- _WHAT THE TASK ASKS_
Write out the listing exactly, from its first line through the line holding "Przestronny Salon (17,9", but include none of the pictures.

- _DATA TO PROCESS_
——————————

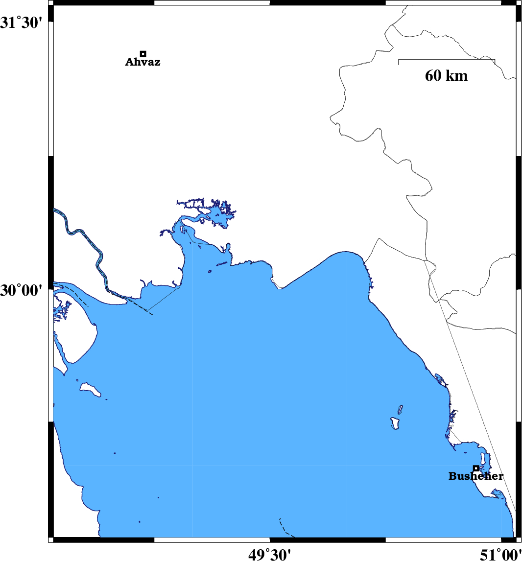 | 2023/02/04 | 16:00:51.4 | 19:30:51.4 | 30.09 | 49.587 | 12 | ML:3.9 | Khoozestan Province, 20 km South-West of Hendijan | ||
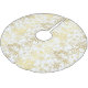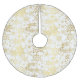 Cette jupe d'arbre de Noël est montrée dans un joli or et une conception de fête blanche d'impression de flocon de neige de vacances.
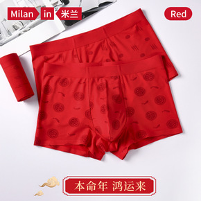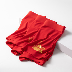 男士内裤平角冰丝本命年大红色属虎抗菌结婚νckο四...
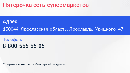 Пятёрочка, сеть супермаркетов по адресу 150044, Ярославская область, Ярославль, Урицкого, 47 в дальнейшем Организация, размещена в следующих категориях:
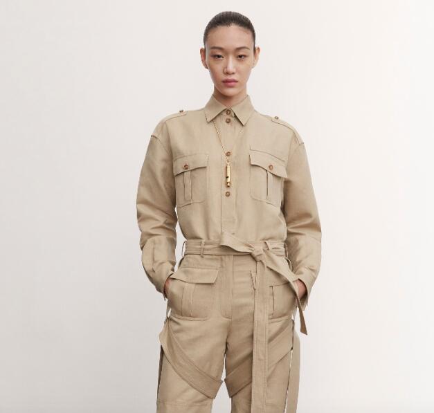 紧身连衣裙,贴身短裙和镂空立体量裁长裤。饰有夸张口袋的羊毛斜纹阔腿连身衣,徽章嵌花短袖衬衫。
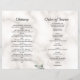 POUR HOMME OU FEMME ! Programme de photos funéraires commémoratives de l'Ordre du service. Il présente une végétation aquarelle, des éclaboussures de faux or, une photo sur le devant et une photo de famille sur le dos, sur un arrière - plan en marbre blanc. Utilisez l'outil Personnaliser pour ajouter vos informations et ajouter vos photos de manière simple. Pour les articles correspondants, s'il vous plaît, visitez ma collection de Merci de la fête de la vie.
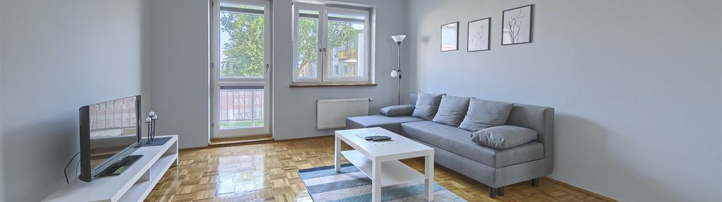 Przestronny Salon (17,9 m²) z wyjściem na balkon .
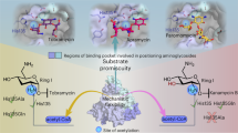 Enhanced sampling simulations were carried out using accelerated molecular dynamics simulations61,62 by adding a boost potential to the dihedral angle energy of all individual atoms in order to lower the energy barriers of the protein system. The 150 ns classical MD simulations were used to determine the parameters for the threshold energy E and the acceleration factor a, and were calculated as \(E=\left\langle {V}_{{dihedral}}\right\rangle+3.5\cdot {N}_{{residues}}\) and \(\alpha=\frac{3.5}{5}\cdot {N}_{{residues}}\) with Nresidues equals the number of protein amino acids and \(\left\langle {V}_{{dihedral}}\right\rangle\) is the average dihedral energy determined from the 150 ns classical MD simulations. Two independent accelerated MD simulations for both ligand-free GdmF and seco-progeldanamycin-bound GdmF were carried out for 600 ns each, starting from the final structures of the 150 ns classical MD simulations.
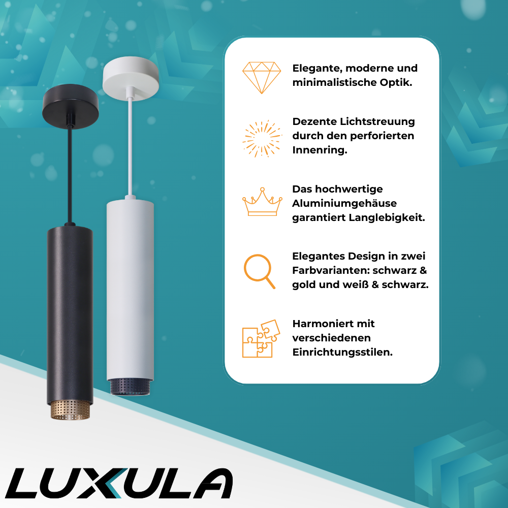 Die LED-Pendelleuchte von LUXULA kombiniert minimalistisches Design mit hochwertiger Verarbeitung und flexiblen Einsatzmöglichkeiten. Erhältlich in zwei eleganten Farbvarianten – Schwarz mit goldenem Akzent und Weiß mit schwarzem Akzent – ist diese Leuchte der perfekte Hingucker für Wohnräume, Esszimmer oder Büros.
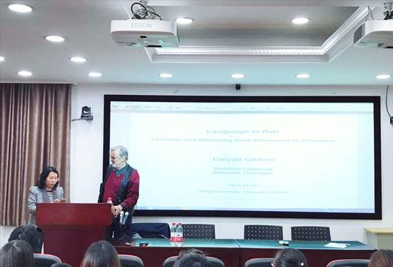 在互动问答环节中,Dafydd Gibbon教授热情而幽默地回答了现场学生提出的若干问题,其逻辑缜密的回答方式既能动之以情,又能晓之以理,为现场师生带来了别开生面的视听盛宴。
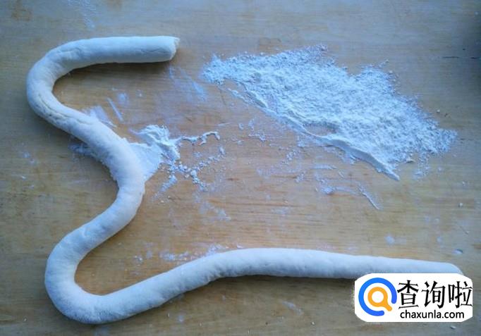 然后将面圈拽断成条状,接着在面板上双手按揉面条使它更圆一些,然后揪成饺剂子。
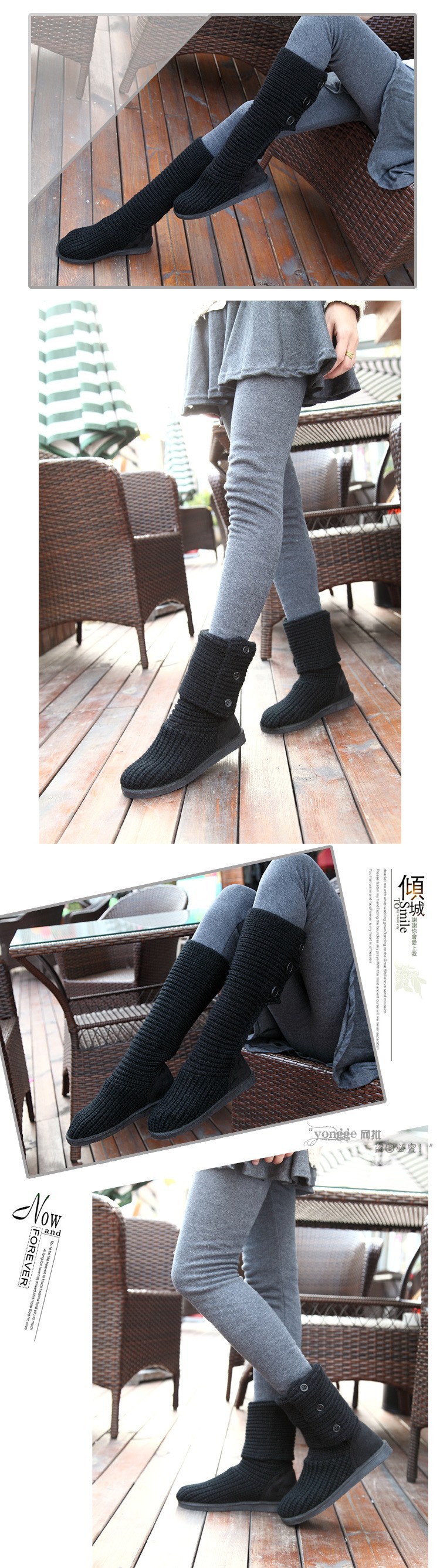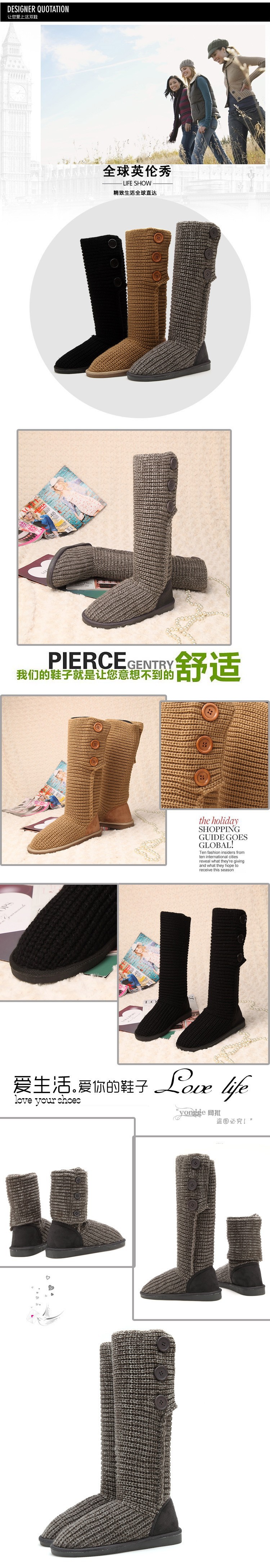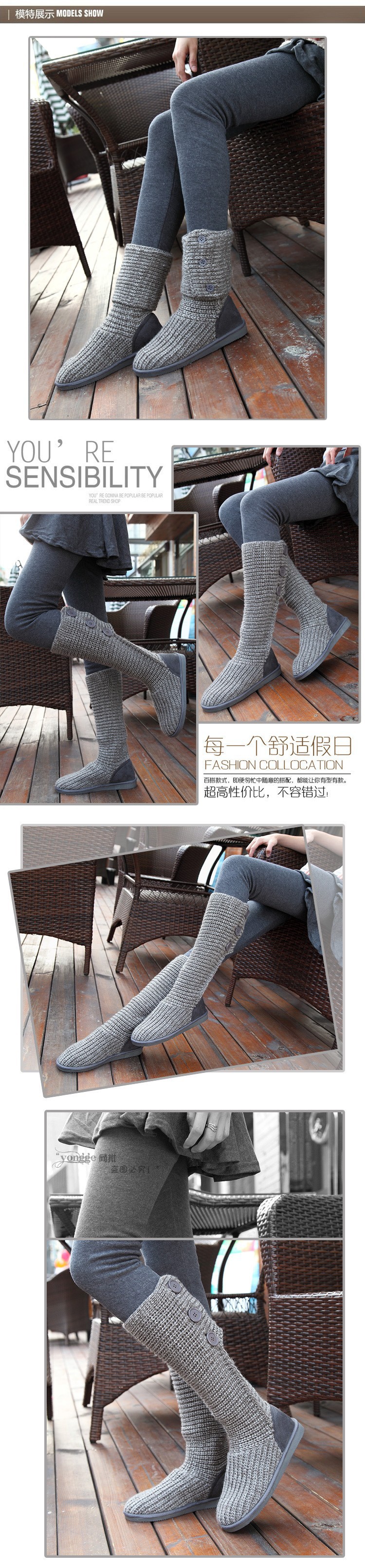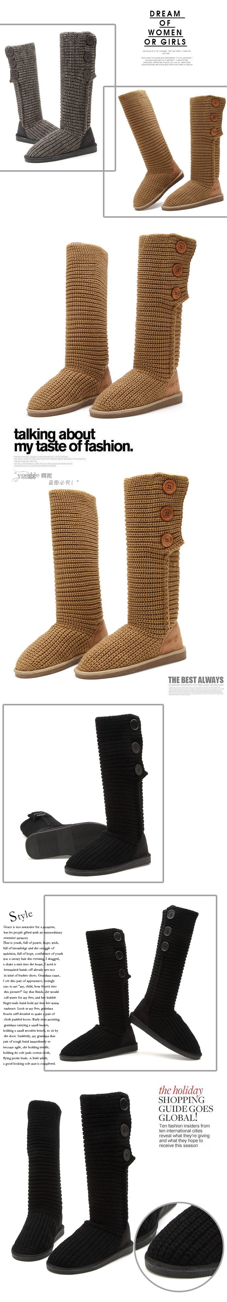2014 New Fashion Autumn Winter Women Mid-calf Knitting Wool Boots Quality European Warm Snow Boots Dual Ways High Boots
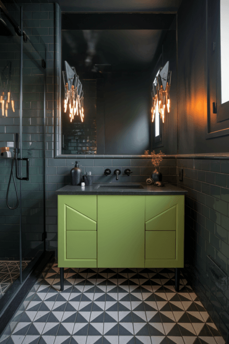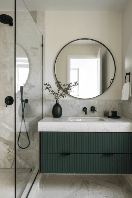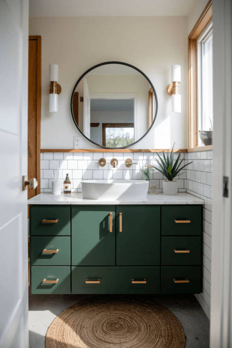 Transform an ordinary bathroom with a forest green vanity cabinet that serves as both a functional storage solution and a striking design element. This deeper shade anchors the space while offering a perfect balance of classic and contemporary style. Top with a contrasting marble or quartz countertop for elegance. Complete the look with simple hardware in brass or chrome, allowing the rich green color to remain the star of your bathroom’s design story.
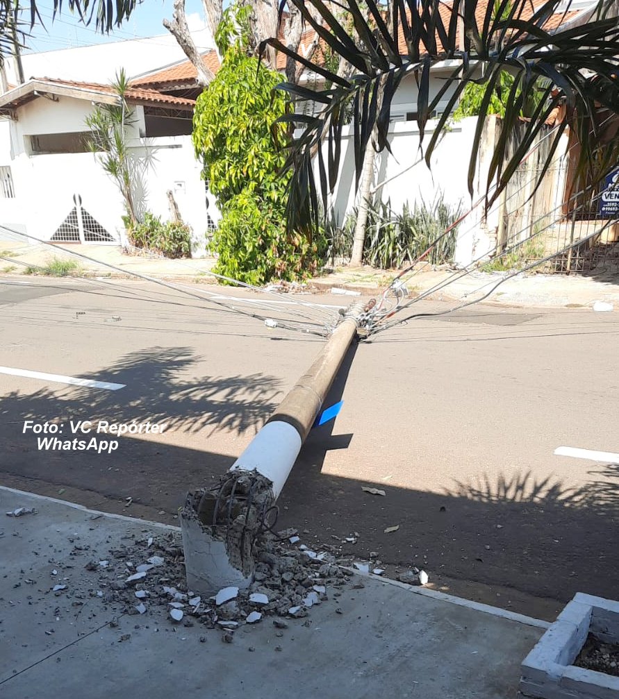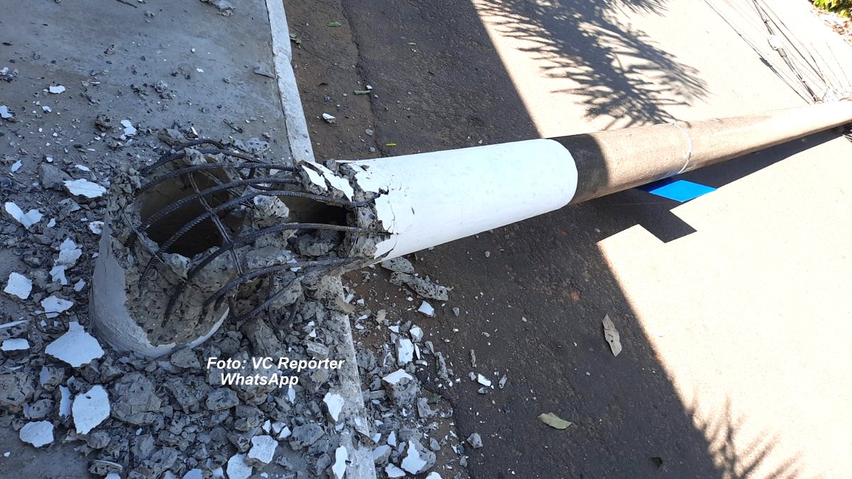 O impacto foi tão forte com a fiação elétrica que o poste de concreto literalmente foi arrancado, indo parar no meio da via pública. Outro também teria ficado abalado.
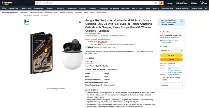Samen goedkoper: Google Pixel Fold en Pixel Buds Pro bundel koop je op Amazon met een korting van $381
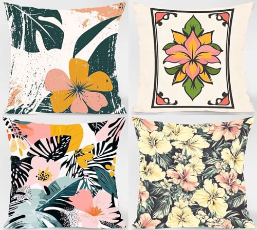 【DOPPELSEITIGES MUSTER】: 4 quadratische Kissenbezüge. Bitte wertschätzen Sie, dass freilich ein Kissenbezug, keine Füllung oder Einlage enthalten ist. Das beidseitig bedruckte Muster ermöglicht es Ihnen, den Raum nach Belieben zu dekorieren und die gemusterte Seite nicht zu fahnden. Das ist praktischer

——————————

- _ANSWER TO THIS PROBLEM_
 | 2023/02/04 | 16:00:51.4 | 19:30:51.4 | 30.09 | 49.587 | 12 | ML:3.9 | Khoozestan Province, 20 km South-West of Hendijan | ||
 Cette jupe d'arbre de Noël est montrée dans un joli or et une conception de fête blanche d'impression de flocon de neige de vacances.
 男士内裤平角冰丝本命年大红色属虎抗菌结婚νckο四...
 Пятёрочка, сеть супермаркетов по адресу 150044, Ярославская область, Ярославль, Урицкого, 47 в дальнейшем Организация, размещена в следующих категориях:
 紧身连衣裙,贴身短裙和镂空立体量裁长裤。饰有夸张口袋的羊毛斜纹阔腿连身衣,徽章嵌花短袖衬衫。
 POUR HOMME OU FEMME ! Programme de photos funéraires commémoratives de l'Ordre du service. Il présente une végétation aquarelle, des éclaboussures de faux or, une photo sur le devant et une photo de famille sur le dos, sur un arrière - plan en marbre blanc. Utilisez l'outil Personnaliser pour ajouter vos informations et ajouter vos photos de manière simple. Pour les articles correspondants, s'il vous plaît, visitez ma collection de Merci de la fête de la vie.
 Przestronny Salon (17,9 m²) z wyjściem na balkon .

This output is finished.